### Supplied information

-*-

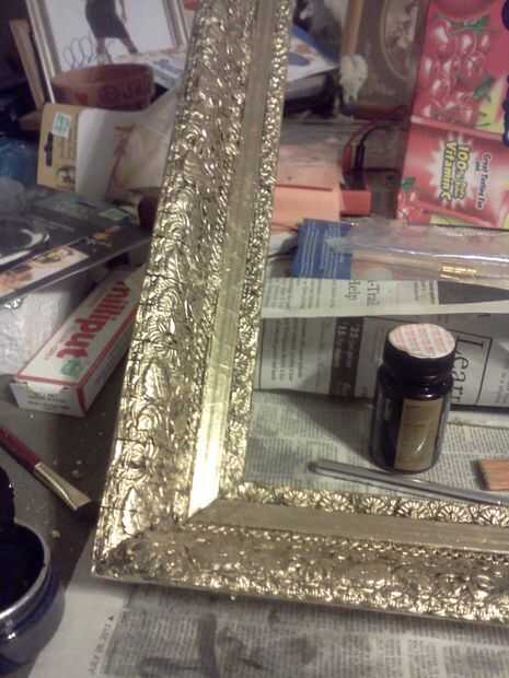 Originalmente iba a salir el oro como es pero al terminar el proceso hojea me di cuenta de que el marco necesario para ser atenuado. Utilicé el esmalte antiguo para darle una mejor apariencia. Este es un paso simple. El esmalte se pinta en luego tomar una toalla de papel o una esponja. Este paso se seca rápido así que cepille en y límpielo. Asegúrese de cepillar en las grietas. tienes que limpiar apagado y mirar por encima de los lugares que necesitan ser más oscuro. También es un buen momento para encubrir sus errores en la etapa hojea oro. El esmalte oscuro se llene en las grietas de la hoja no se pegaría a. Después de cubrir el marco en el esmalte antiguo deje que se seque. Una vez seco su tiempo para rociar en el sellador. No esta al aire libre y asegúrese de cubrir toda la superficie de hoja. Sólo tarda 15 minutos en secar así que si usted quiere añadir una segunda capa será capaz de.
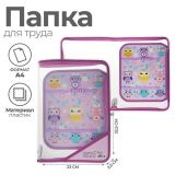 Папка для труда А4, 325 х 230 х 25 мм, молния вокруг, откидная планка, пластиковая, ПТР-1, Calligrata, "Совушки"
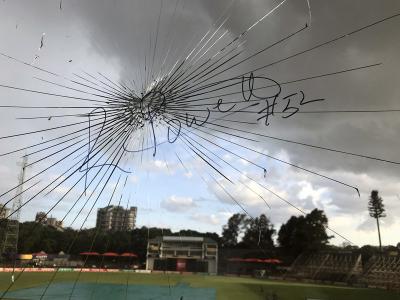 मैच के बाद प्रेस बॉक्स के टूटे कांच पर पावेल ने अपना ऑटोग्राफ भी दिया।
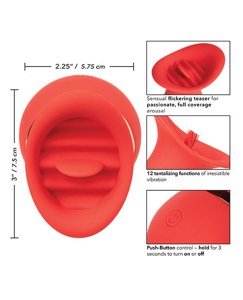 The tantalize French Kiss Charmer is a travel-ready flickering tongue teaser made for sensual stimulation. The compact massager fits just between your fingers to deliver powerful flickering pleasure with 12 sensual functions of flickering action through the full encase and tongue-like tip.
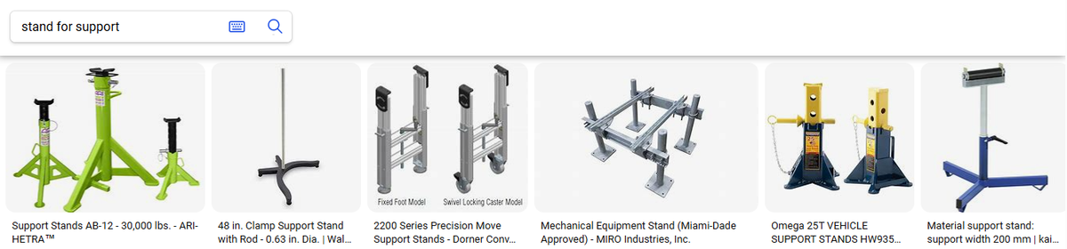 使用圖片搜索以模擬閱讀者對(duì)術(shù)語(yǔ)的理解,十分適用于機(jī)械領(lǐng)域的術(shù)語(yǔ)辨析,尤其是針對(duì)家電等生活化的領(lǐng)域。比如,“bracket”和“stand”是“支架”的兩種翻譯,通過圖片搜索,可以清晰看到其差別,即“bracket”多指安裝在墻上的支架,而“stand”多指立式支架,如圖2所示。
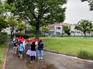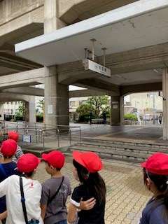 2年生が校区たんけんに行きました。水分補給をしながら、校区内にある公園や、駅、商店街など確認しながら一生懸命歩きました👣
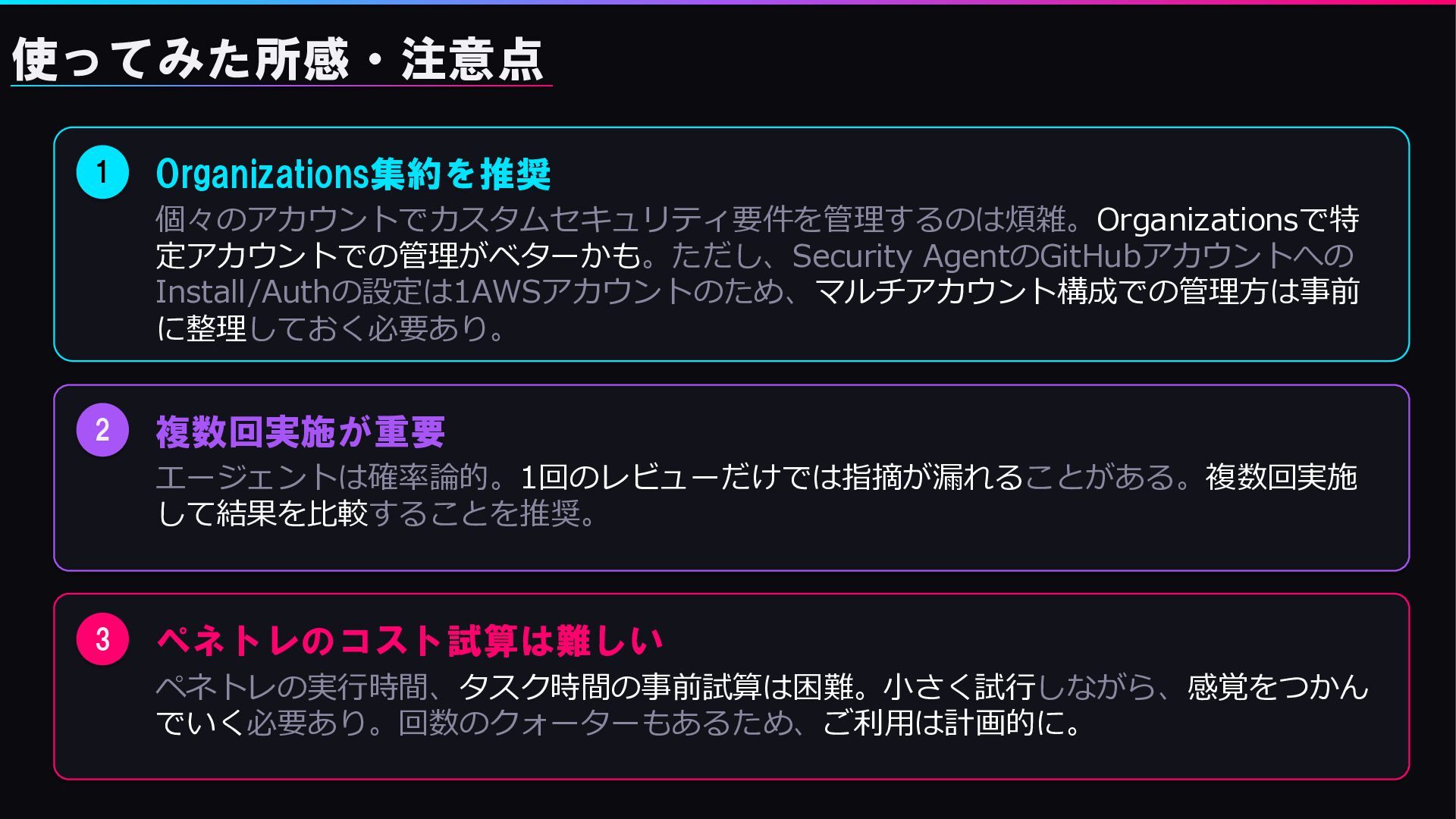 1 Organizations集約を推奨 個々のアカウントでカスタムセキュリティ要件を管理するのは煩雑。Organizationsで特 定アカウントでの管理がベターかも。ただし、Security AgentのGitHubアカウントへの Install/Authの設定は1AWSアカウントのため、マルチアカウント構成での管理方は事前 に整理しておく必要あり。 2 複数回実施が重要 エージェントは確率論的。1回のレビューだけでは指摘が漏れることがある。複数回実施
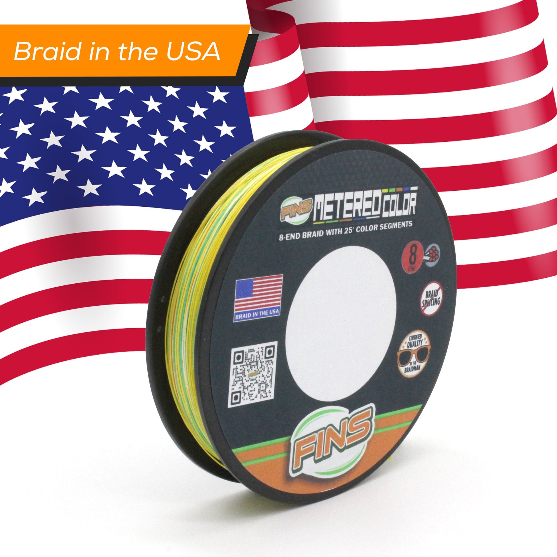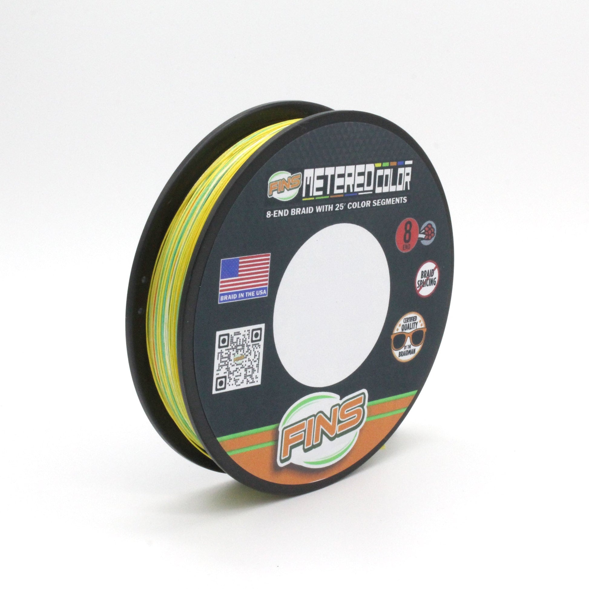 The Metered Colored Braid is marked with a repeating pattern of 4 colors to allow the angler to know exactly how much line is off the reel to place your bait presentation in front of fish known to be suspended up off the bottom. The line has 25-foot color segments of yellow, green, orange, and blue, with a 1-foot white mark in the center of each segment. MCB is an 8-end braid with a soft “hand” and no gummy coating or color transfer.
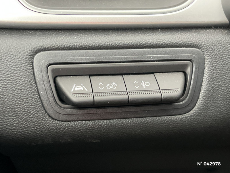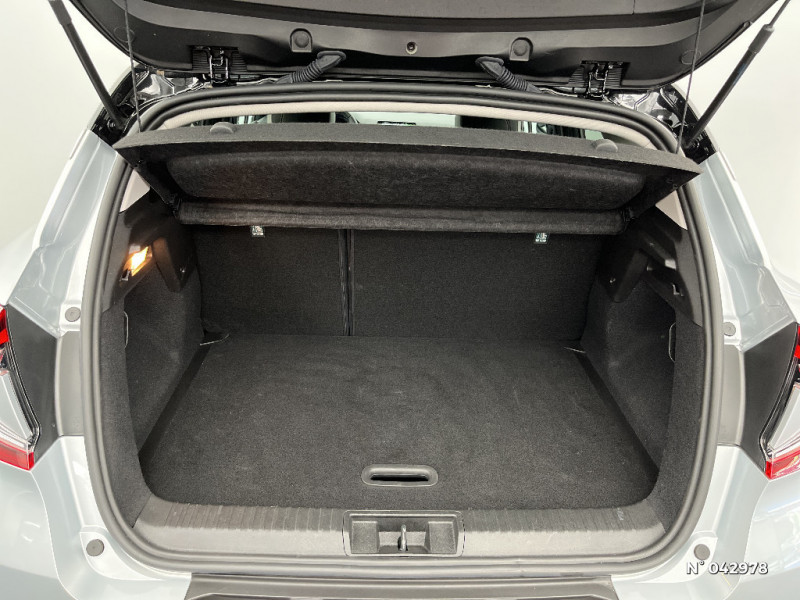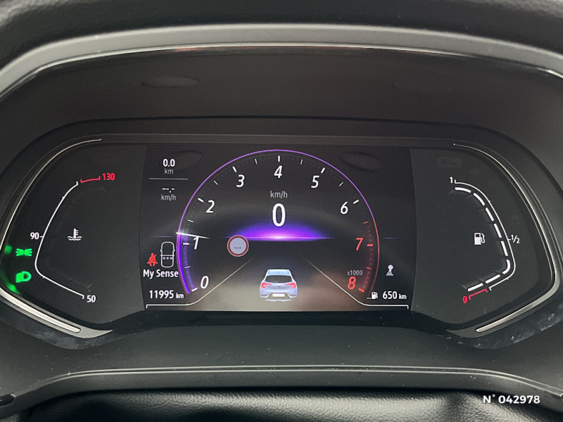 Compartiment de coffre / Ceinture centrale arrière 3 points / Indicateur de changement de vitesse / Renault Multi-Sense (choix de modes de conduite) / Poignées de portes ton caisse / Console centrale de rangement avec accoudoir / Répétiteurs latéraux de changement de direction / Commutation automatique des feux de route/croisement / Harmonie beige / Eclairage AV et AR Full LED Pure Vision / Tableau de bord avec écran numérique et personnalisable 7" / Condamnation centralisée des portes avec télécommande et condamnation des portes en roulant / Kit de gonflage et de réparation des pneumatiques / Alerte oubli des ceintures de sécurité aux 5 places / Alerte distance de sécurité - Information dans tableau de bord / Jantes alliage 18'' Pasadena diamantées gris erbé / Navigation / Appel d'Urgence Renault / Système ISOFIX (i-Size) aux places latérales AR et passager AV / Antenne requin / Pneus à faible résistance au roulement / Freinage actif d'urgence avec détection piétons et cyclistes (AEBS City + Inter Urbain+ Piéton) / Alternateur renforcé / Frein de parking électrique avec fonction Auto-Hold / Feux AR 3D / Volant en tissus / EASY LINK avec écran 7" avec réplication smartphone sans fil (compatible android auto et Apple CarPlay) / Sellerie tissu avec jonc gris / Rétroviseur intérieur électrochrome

-*-

### Your goal
Repeat exactly the lines from the first line of the records above through the line containing "मैच के बाद प्रेस", leaving out the pictures.

### Task solution
 Originalmente iba a salir el oro como es pero al terminar el proceso hojea me di cuenta de que el marco necesario para ser atenuado. Utilicé el esmalte antiguo para darle una mejor apariencia. Este es un paso simple. El esmalte se pinta en luego tomar una toalla de papel o una esponja. Este paso se seca rápido así que cepille en y límpielo. Asegúrese de cepillar en las grietas. tienes que limpiar apagado y mirar por encima de los lugares que necesitan ser más oscuro. También es un buen momento para encubrir sus errores en la etapa hojea oro. El esmalte oscuro se llene en las grietas de la hoja no se pegaría a. Después de cubrir el marco en el esmalte antiguo deje que se seque. Una vez seco su tiempo para rociar en el sellador. No esta al aire libre y asegúrese de cubrir toda la superficie de hoja. Sólo tarda 15 minutos en secar así que si usted quiere añadir una segunda capa será capaz de.
 Папка для труда А4, 325 х 230 х 25 мм, молния вокруг, откидная планка, пластиковая, ПТР-1, Calligrata, "Совушки"
 मैच के बाद प्रेस बॉक्स के टूटे कांच पर पावेल ने अपना ऑटोग्राफ भी दिया।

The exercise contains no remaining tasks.